LA CORTE SUPREMA DI CASSAZIONE

SEZIONE SESTA CIVILE

SOTTOSEZIONE T

Composta dagli Ill.mi Sigg.ri Magistrati:

Dott. IACOBELLIS Marcello – Presidente –

Dott. CARACCIOLO Giuseppe – Consigliere –

Dott. IOFRIDA Giulia – Consigliere –

Dott. CRUCITTI Roberta – Consigliere –

Dott. CONTI Roberto Giovanni – rel. Consigliere –

ha pronunciato la seguente:

ORDINANZA

sul ricorso 7120-2015 proposto da:

AGENZIA DELLE ENTRATE, (OMISSIS), in persona del Direttore pro

tempore, elettivamente domiciliata in ROMA, VIA DEI PORTOGHESI 12,

presso l’AVVOCATURA GENERALE DELLO STATO, che la rappresenta e

difende ope legis;

– ricorrente –

contro

LEALPELL SRL, in persona del Presidente del Consiglio di

Amministrazione pro tempore, elettivamente domiciliata in Roma Piazza

Cavour presso la Corte di Cassazione, rappresentata e difesa

dall’Avvocato ALDO PEREGO, giusta procura speciale in calce al

controricorso;

– controricorrente –

avverso la sentenza n. 4082/19/2014 della COMMISSIONE TRIBUTARIA

REGIONALE di MILANO del 21/07/2014, depositata il 23/07/2014;

udita la relazione della causa svolta nella camera di consiglio del

27/04/2016 dal Consigliere Relatore Dott. ROBERTO GIOVANNI CONTI;

udito l’Avvocato Aldo Perego difensore del controricorrente, che si

riporta agli scritti e insiste nell’eccezione sollevata nel

controricorso sulla tardività del ricorso.

Fatto

IN FATTO E IN DIRITTO

L’Agenzia delle entrate ha proposto ricorso per cassazione, affidato a due motivi, contro la sentenza resa dalla CTR della Lombardia n.4082/2014/00, depositata il 23.7.2014 che ha confermato la decisione di primo grado con la quale erano stati annullati gli avvisi di accertamento emessi a carico della Lealpell s.r.l. per la ripresa a tassazione di IRES, IRAP e IVA per gli anni dal 2005 al 2007.

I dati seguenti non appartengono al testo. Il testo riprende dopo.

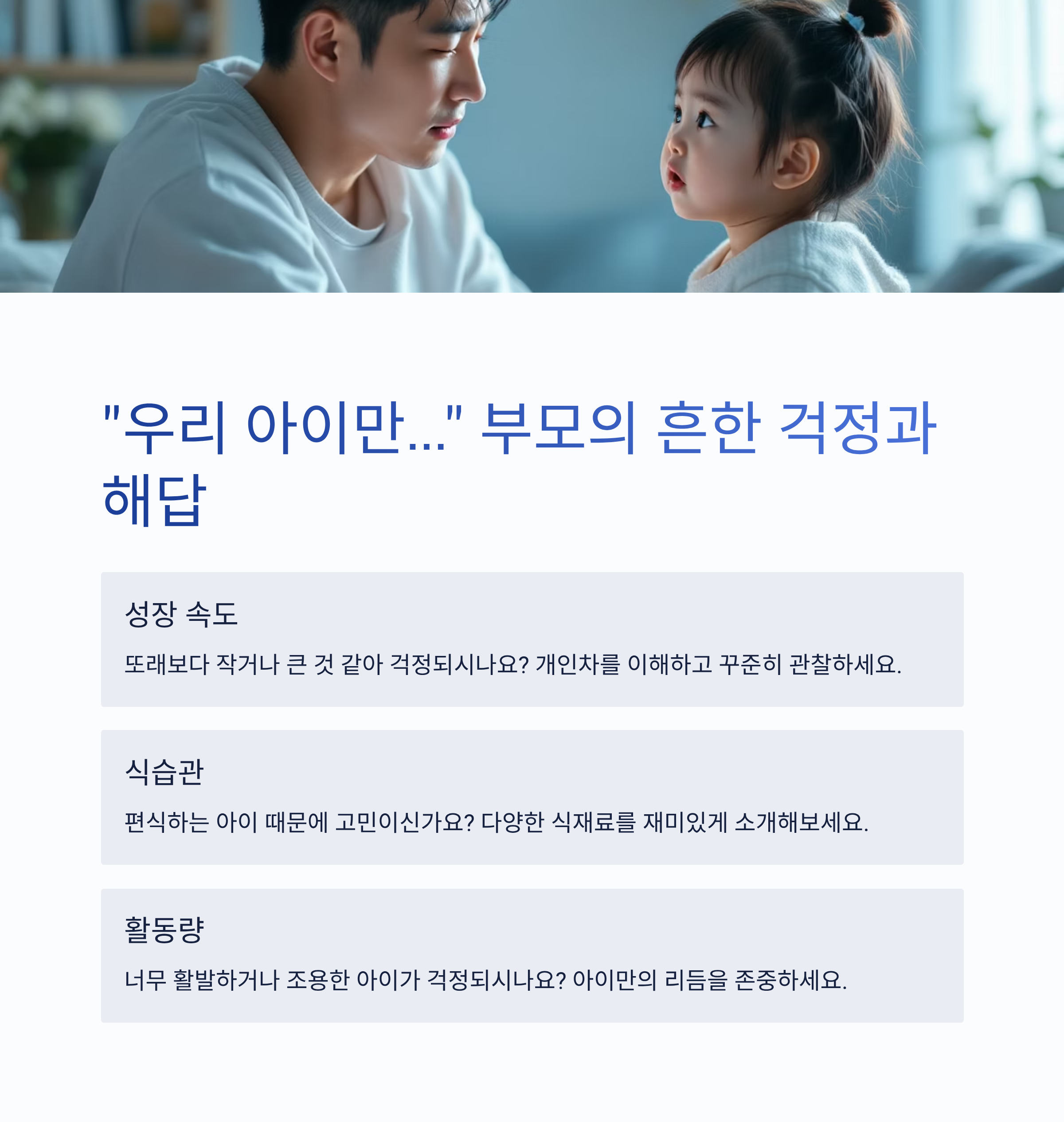 아이의 건강한 성장은 '완벽한 식단'이 아닌 '사랑이 담긴 꾸준한 노력'에서 비롯됩니다. 가족이 함께 즐겁게 실천하는 것이 가장 큰 힘이 됩니다.

La CTR, premesso che l’Ufficio aveva contestato la deduzione dell’importo di Euro 57.364,00 a titolo di compenso agli amministratori in assenza di specifica delibera assembleare, rilevava che “…nella specie trattasi di società di capitali a ristretta base (due soci ed amministratori) e che l’assemblea totalitaria di approvazione del bilancio poteva contenere anche argomenti non inseriti nell’ordine del giorno”.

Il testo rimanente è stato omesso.